§ **What to do**
Range to output from the entries below: the line containing "코드를 하나하나 따라가지 않아도 변경 목적과 흐름을 먼저 이해할 수 있었습니다." through the line containing "Elegancki, czerwony LED". Set it down exactly, ends included, nothing else.

(Beginning of Available data)

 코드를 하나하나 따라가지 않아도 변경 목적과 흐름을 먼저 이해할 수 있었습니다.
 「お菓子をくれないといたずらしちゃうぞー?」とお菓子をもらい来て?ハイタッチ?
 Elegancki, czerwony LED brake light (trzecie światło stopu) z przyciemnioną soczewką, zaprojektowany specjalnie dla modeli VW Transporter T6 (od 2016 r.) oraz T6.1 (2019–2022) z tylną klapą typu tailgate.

(End of Available data)
(Beginning of Available data)

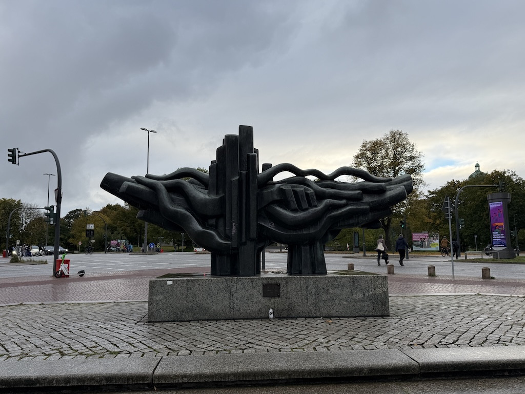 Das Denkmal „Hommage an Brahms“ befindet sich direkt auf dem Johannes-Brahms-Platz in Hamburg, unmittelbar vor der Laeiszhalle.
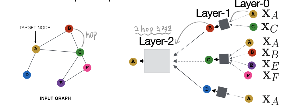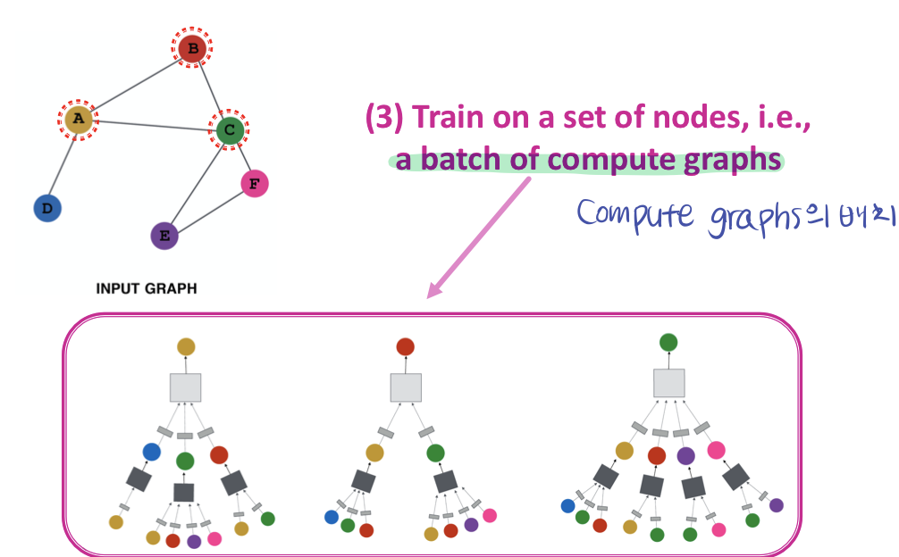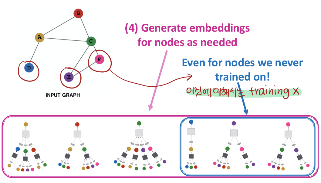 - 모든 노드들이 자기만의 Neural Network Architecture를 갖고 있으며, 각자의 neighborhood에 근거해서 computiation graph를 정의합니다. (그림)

(End of Available data)
(Beginning of Available data)

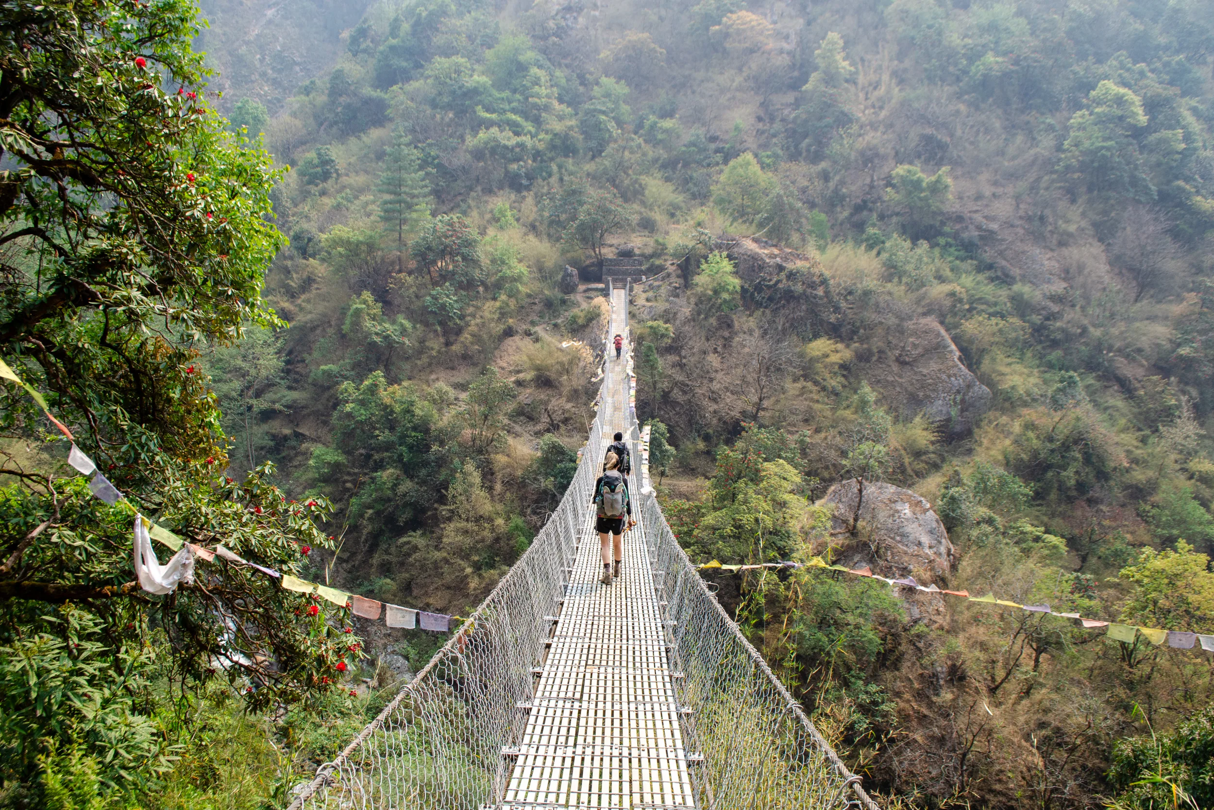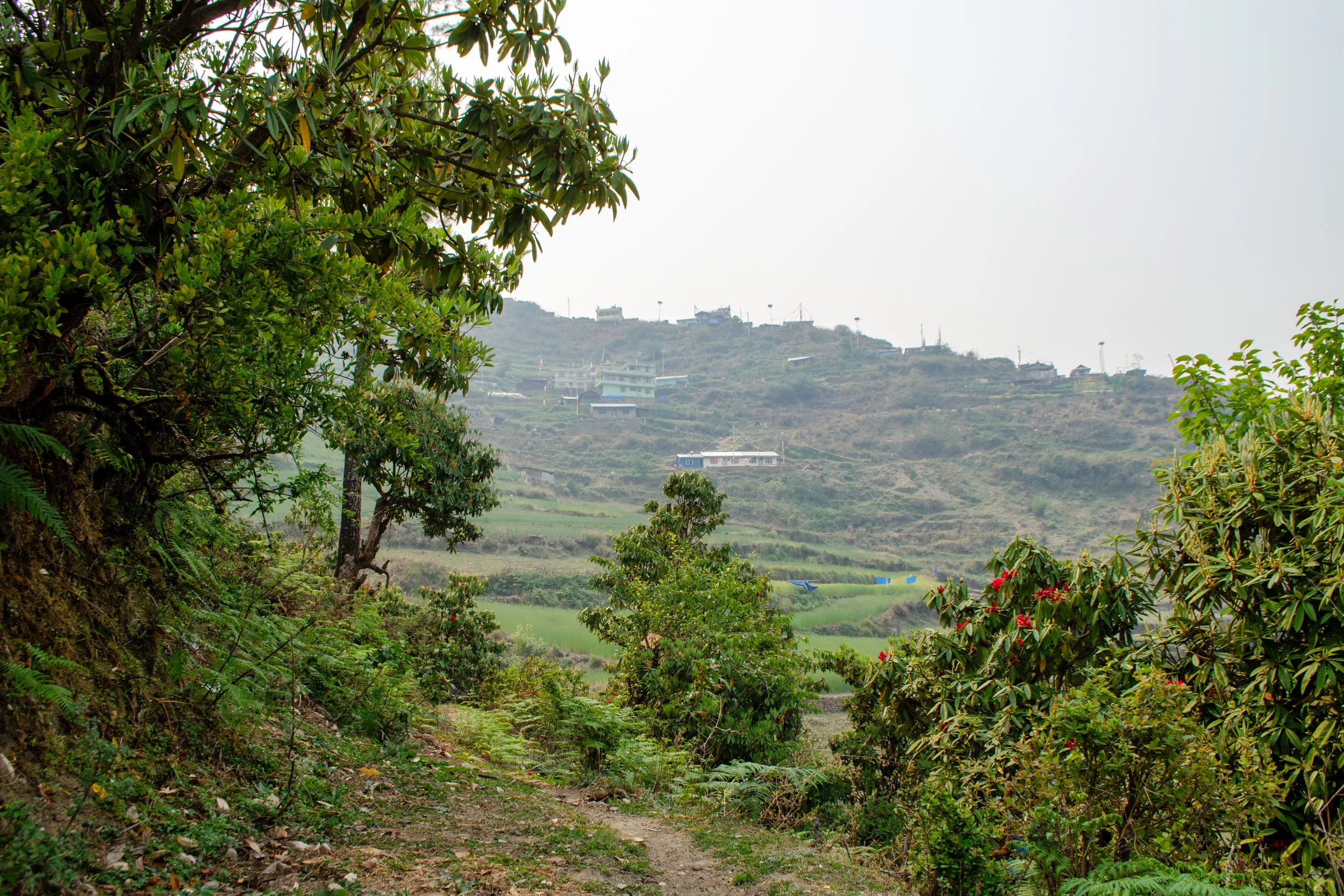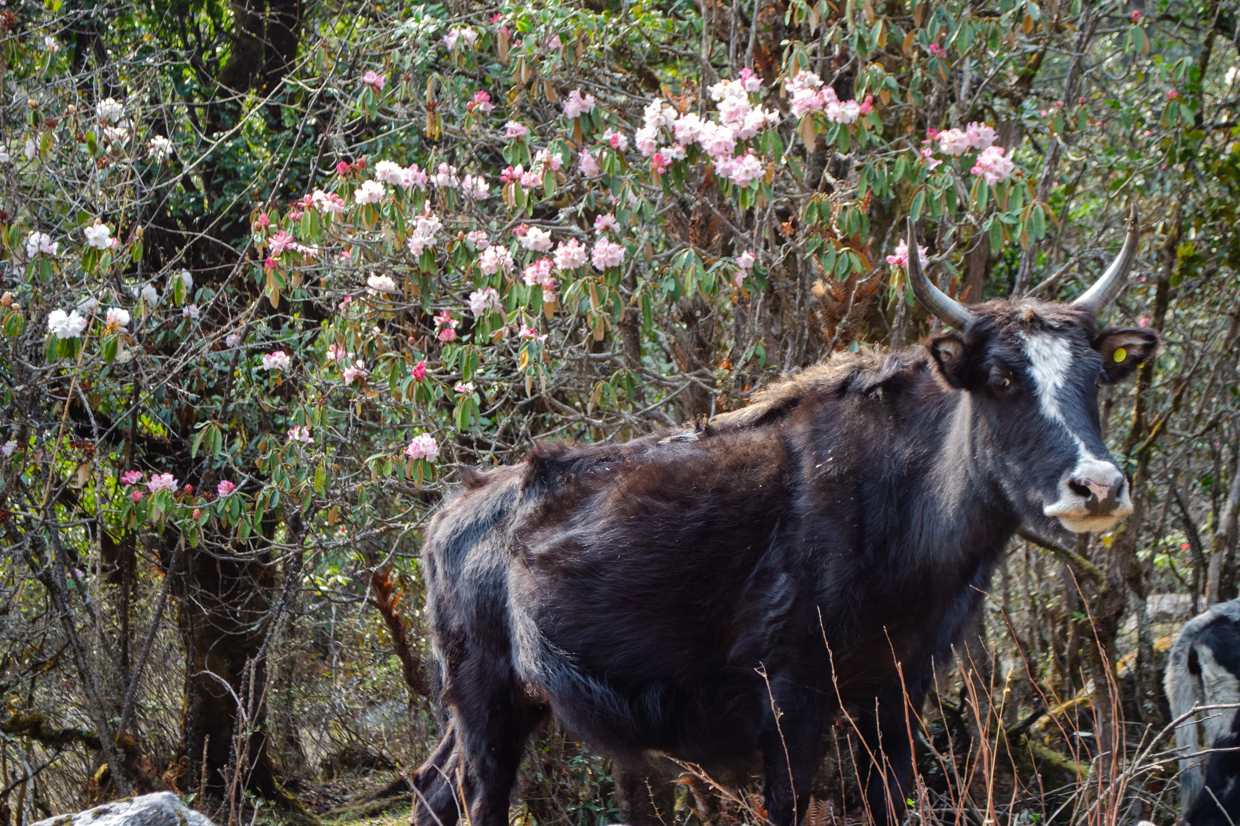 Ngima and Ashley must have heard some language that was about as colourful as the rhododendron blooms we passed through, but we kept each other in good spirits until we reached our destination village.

(End of Available data)

§ **Exercise solution**
 코드를 하나하나 따라가지 않아도 변경 목적과 흐름을 먼저 이해할 수 있었습니다.
 「お菓子をくれないといたずらしちゃうぞー?」とお菓子をもらい来て?ハイタッチ?
 Elegancki, czerwony LED brake light (trzecie światło stopu) z przyciemnioną soczewką, zaprojektowany specjalnie dla modeli VW Transporter T6 (od 2016 r.) oraz T6.1 (2019–2022) z tylną klapą typu tailgate.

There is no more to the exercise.